WHAT NEEDS TO BE DONE ▸ Your answer must be the records below, repeated exactly, with every picture left out.
*** SUPPLIED RECORDS Section Begins ***
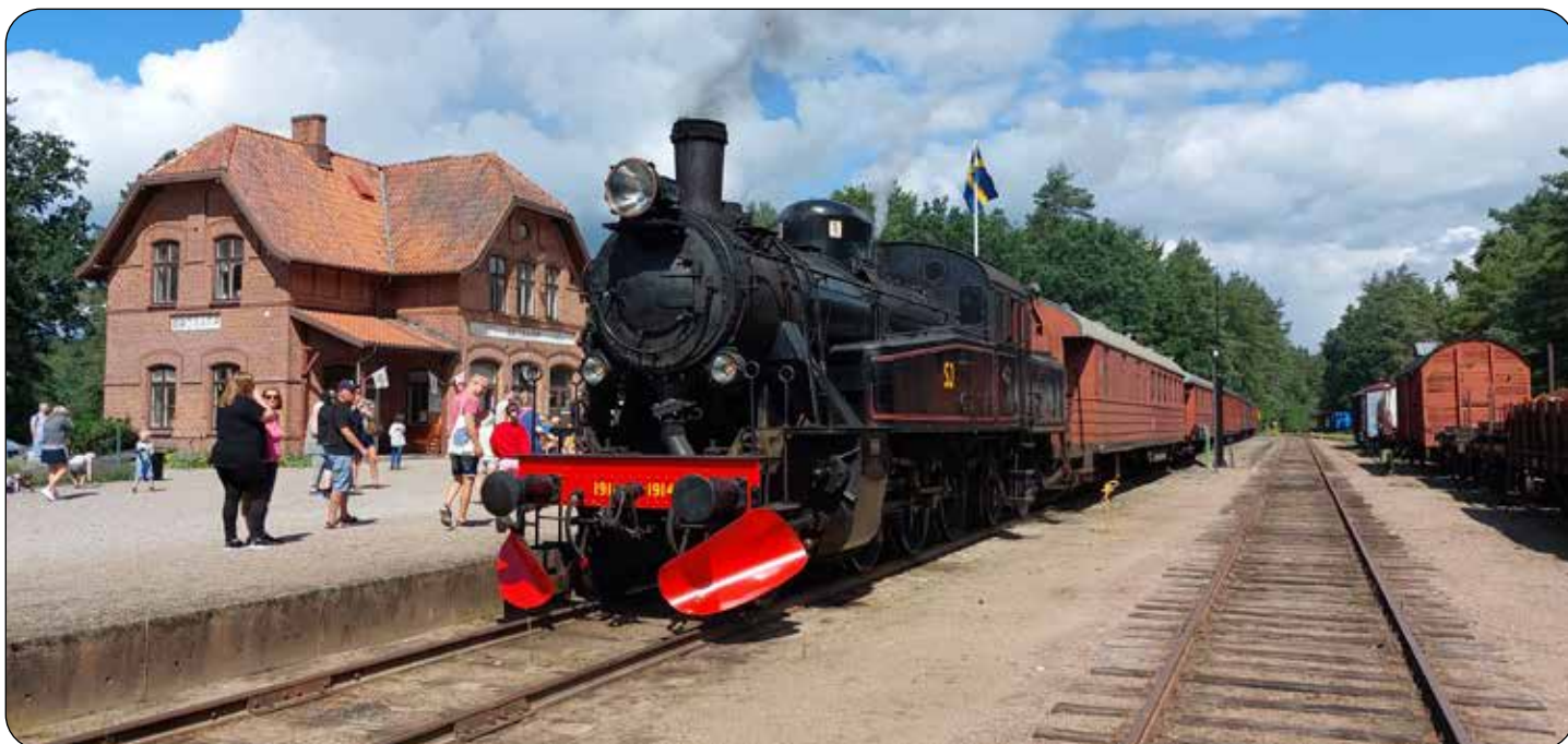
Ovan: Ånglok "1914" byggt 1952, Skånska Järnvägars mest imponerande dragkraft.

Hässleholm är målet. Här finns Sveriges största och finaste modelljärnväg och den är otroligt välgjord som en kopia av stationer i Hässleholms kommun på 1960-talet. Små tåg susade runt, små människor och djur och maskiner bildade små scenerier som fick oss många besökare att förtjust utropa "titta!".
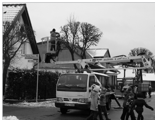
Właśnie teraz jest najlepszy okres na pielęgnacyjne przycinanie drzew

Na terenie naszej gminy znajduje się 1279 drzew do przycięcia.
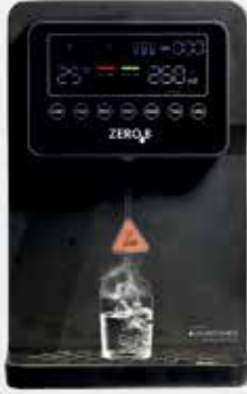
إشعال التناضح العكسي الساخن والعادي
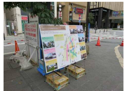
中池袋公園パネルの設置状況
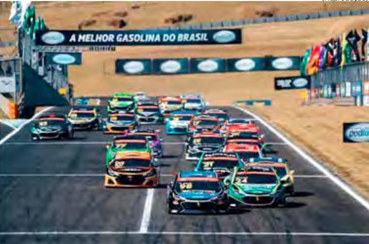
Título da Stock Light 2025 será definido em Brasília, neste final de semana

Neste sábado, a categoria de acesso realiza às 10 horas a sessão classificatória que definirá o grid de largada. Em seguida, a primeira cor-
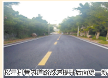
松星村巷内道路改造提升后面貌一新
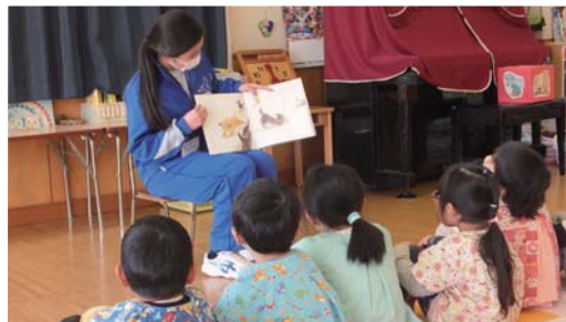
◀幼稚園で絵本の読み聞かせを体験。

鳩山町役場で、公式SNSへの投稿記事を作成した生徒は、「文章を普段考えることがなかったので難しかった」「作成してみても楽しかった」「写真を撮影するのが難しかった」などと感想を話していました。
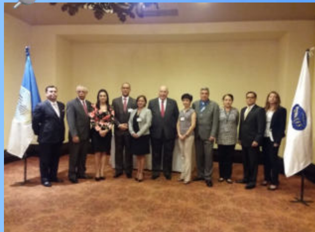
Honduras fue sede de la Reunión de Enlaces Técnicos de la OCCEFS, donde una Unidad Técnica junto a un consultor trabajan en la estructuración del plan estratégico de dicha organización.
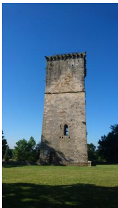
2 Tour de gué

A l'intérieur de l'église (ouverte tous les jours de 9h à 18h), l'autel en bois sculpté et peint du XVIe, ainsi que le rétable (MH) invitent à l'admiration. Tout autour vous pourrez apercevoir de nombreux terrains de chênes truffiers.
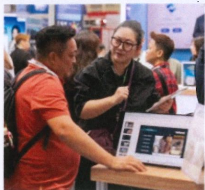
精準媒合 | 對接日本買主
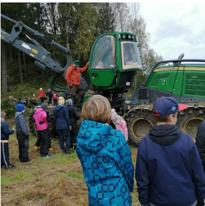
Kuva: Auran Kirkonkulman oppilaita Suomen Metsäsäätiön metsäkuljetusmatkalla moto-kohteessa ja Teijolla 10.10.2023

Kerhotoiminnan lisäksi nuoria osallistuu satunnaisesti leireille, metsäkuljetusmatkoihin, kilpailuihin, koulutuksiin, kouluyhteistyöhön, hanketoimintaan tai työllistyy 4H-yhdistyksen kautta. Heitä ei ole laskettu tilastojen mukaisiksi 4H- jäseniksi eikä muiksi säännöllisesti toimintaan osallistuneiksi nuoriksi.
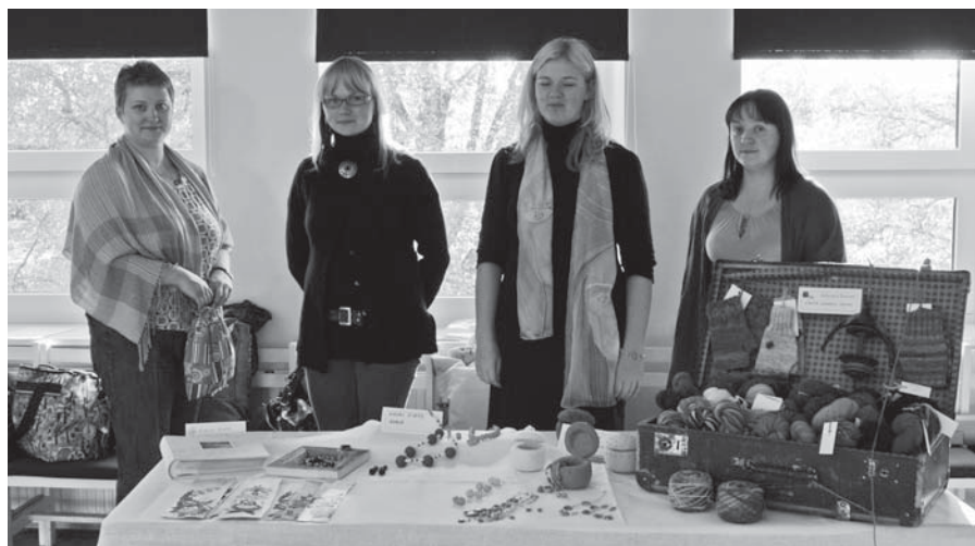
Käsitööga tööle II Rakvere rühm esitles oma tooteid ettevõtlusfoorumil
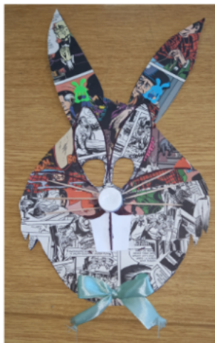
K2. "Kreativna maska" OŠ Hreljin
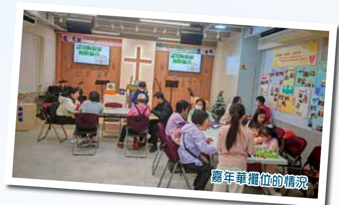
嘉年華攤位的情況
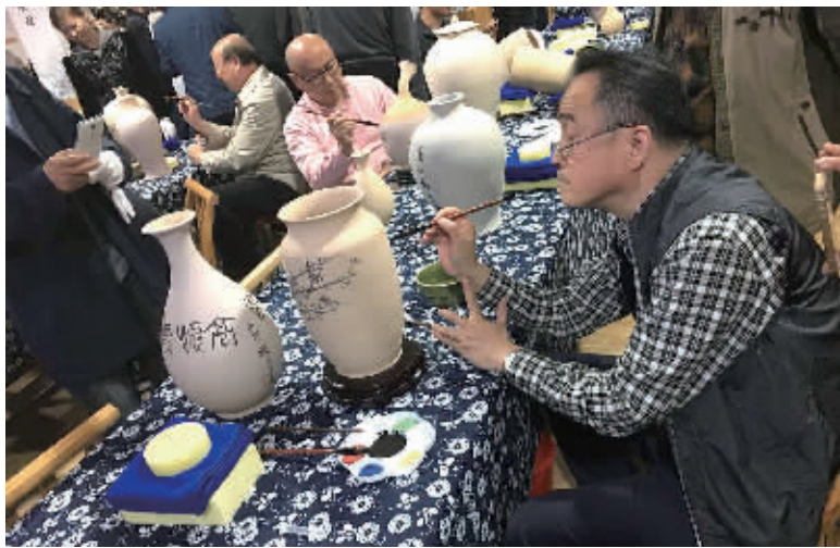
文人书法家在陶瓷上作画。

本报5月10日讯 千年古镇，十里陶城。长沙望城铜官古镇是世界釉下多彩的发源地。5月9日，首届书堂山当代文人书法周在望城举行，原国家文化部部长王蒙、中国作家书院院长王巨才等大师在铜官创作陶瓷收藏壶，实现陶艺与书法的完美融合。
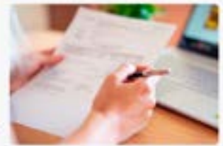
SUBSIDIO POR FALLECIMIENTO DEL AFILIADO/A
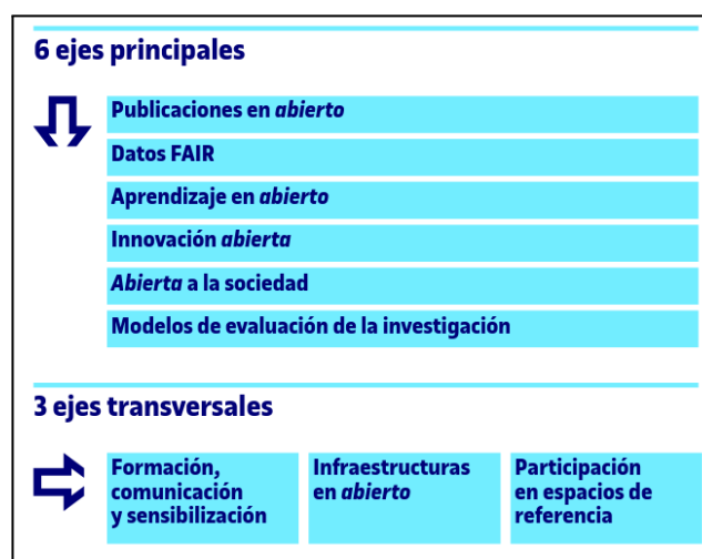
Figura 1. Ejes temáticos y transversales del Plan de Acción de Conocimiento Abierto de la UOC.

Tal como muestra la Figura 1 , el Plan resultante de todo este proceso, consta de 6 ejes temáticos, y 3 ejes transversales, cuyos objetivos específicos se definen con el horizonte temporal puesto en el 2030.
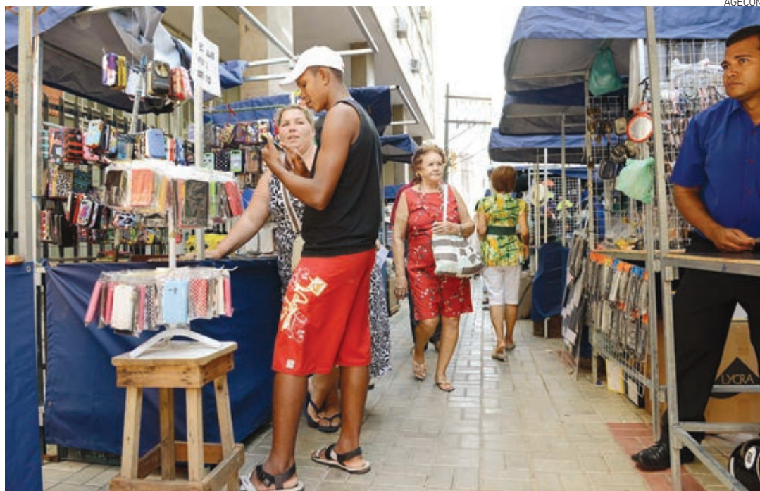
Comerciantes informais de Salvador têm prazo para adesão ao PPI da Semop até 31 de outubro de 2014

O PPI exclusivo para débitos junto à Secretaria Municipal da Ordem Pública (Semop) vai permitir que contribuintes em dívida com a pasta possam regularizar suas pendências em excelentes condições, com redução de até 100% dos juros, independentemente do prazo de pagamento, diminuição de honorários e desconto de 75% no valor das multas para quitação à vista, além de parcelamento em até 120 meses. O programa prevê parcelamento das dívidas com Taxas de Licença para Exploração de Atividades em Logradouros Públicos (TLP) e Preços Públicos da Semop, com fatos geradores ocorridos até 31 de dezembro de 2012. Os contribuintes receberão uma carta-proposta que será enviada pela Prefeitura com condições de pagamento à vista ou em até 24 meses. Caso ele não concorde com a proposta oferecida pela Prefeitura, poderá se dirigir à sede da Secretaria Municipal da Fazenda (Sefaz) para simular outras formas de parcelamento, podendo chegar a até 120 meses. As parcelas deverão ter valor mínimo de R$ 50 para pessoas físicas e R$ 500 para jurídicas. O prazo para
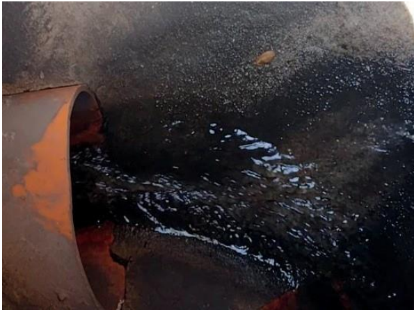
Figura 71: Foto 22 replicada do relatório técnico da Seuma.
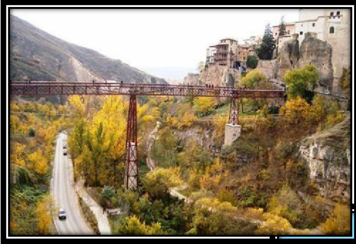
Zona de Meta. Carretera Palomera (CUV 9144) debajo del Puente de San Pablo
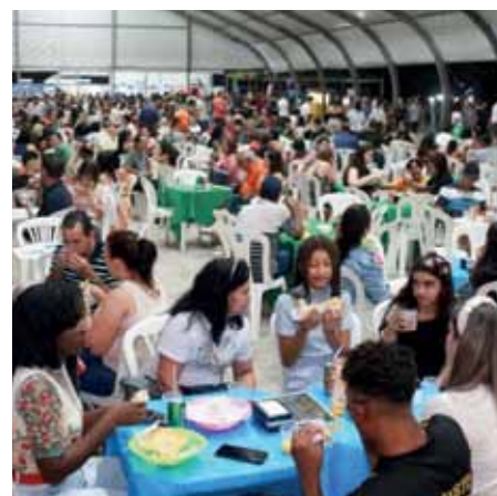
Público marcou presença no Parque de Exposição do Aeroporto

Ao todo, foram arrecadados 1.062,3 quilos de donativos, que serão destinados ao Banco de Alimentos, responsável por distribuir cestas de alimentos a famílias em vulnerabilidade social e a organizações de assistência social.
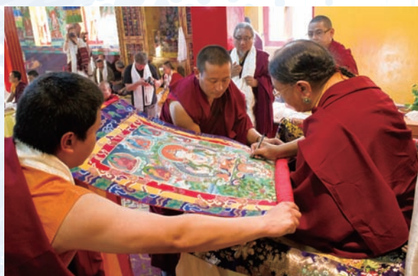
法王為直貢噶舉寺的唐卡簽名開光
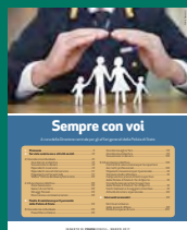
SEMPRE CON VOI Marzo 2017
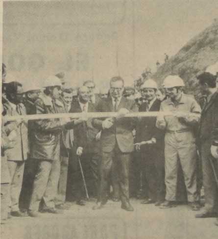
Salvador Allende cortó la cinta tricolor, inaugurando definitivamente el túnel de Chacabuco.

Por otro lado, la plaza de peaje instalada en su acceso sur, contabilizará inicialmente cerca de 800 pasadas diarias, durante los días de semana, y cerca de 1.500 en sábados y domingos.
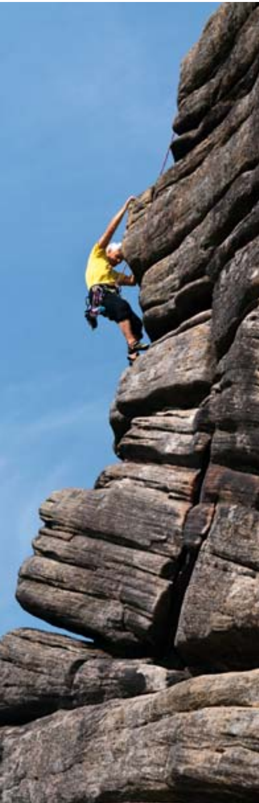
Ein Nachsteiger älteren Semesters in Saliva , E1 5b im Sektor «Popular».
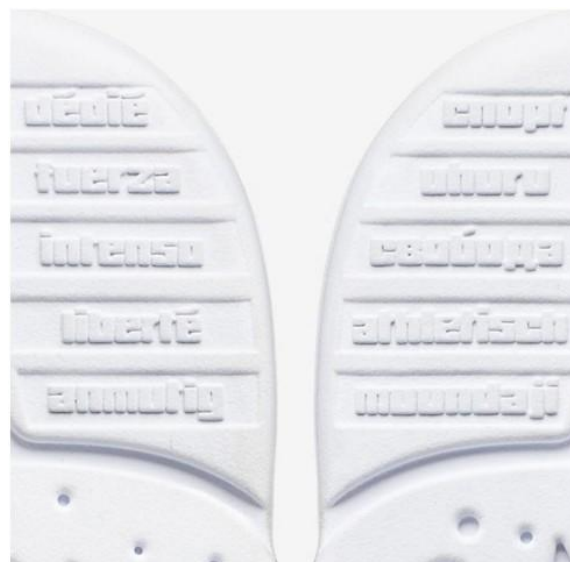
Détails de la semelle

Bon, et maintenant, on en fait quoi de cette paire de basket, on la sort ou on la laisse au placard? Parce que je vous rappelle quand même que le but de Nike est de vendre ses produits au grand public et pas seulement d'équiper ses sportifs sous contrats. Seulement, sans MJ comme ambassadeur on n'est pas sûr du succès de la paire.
*** SUPPLIED RECORDS Section Ends ***
EXPECTED ANSWER ▸
Ovan: Ånglok "1914" byggt 1952, Skånska Järnvägars mest imponerande dragkraft.

Hässleholm är målet. Här finns Sveriges största och finaste modelljärnväg och den är otroligt välgjord som en kopia av stationer i Hässleholms kommun på 1960-talet. Små tåg susade runt, små människor och djur och maskiner bildade små scenerier som fick oss många besökare att förtjust utropa "titta!".
Właśnie teraz jest najlepszy okres na pielęgnacyjne przycinanie drzew

Na terenie naszej gminy znajduje się 1279 drzew do przycięcia.
إشعال التناضح العكسي الساخن والعادي
中池袋公園パネルの設置状況
Título da Stock Light 2025 será definido em Brasília, neste final de semana

Neste sábado, a categoria de acesso realiza às 10 horas a sessão classificatória que definirá o grid de largada. Em seguida, a primeira cor-
松星村巷内道路改造提升后面貌一新
◀幼稚園で絵本の読み聞かせを体験。

鳩山町役場で、公式SNSへの投稿記事を作成した生徒は、「文章を普段考えることがなかったので難しかった」「作成してみても楽しかった」「写真を撮影するのが難しかった」などと感想を話していました。
Honduras fue sede de la Reunión de Enlaces Técnicos de la OCCEFS, donde una Unidad Técnica junto a un consultor trabajan en la estructuración del plan estratégico de dicha organización.
2 Tour de gué

A l'intérieur de l'église (ouverte tous les jours de 9h à 18h), l'autel en bois sculpté et peint du XVIe, ainsi que le rétable (MH) invitent à l'admiration. Tout autour vous pourrez apercevoir de nombreux terrains de chênes truffiers.
精準媒合 | 對接日本買主
Kuva: Auran Kirkonkulman oppilaita Suomen Metsäsäätiön metsäkuljetusmatkalla moto-kohteessa ja Teijolla 10.10.2023

Kerhotoiminnan lisäksi nuoria osallistuu satunnaisesti leireille, metsäkuljetusmatkoihin, kilpailuihin, koulutuksiin, kouluyhteistyöhön, hanketoimintaan tai työllistyy 4H-yhdistyksen kautta. Heitä ei ole laskettu tilastojen mukaisiksi 4H- jäseniksi eikä muiksi säännöllisesti toimintaan osallistuneiksi nuoriksi.
Käsitööga tööle II Rakvere rühm esitles oma tooteid ettevõtlusfoorumil
K2. "Kreativna maska" OŠ Hreljin
嘉年華攤位的情況
文人书法家在陶瓷上作画。

本报5月10日讯 千年古镇，十里陶城。长沙望城铜官古镇是世界釉下多彩的发源地。5月9日，首届书堂山当代文人书法周在望城举行，原国家文化部部长王蒙、中国作家书院院长王巨才等大师在铜官创作陶瓷收藏壶，实现陶艺与书法的完美融合。
SUBSIDIO POR FALLECIMIENTO DEL AFILIADO/A
Figura 1. Ejes temáticos y transversales del Plan de Acción de Conocimiento Abierto de la UOC.

Tal como muestra la Figura 1 , el Plan resultante de todo este proceso, consta de 6 ejes temáticos, y 3 ejes transversales, cuyos objetivos específicos se definen con el horizonte temporal puesto en el 2030.
Comerciantes informais de Salvador têm prazo para adesão ao PPI da Semop até 31 de outubro de 2014

O PPI exclusivo para débitos junto à Secretaria Municipal da Ordem Pública (Semop) vai permitir que contribuintes em dívida com a pasta possam regularizar suas pendências em excelentes condições, com redução de até 100% dos juros, independentemente do prazo de pagamento, diminuição de honorários e desconto de 75% no valor das multas para quitação à vista, além de parcelamento em até 120 meses. O programa prevê parcelamento das dívidas com Taxas de Licença para Exploração de Atividades em Logradouros Públicos (TLP) e Preços Públicos da Semop, com fatos geradores ocorridos até 31 de dezembro de 2012. Os contribuintes receberão uma carta-proposta que será enviada pela Prefeitura com condições de pagamento à vista ou em até 24 meses. Caso ele não concorde com a proposta oferecida pela Prefeitura, poderá se dirigir à sede da Secretaria Municipal da Fazenda (Sefaz) para simular outras formas de parcelamento, podendo chegar a até 120 meses. As parcelas deverão ter valor mínimo de R$ 50 para pessoas físicas e R$ 500 para jurídicas. O prazo para
Figura 71: Foto 22 replicada do relatório técnico da Seuma.
Zona de Meta. Carretera Palomera (CUV 9144) debajo del Puente de San Pablo
Público marcou presença no Parque de Exposição do Aeroporto

Ao todo, foram arrecadados 1.062,3 quilos de donativos, que serão destinados ao Banco de Alimentos, responsável por distribuir cestas de alimentos a famílias em vulnerabilidade social e a organizações de assistência social.
法王為直貢噶舉寺的唐卡簽名開光
SEMPRE CON VOI Marzo 2017
Salvador Allende cortó la cinta tricolor, inaugurando definitivamente el túnel de Chacabuco.

Por otro lado, la plaza de peaje instalada en su acceso sur, contabilizará inicialmente cerca de 800 pasadas diarias, durante los días de semana, y cerca de 1.500 en sábados y domingos.
Ein Nachsteiger älteren Semesters in Saliva , E1 5b im Sektor «Popular».
Détails de la semelle

Bon, et maintenant, on en fait quoi de cette paire de basket, on la sort ou on la laisse au placard? Parce que je vous rappelle quand même que le but de Nike est de vendre ses produits au grand public et pas seulement d'équiper ses sportifs sous contrats. Seulement, sans MJ comme ambassadeur on n'est pas sûr du succès de la paire.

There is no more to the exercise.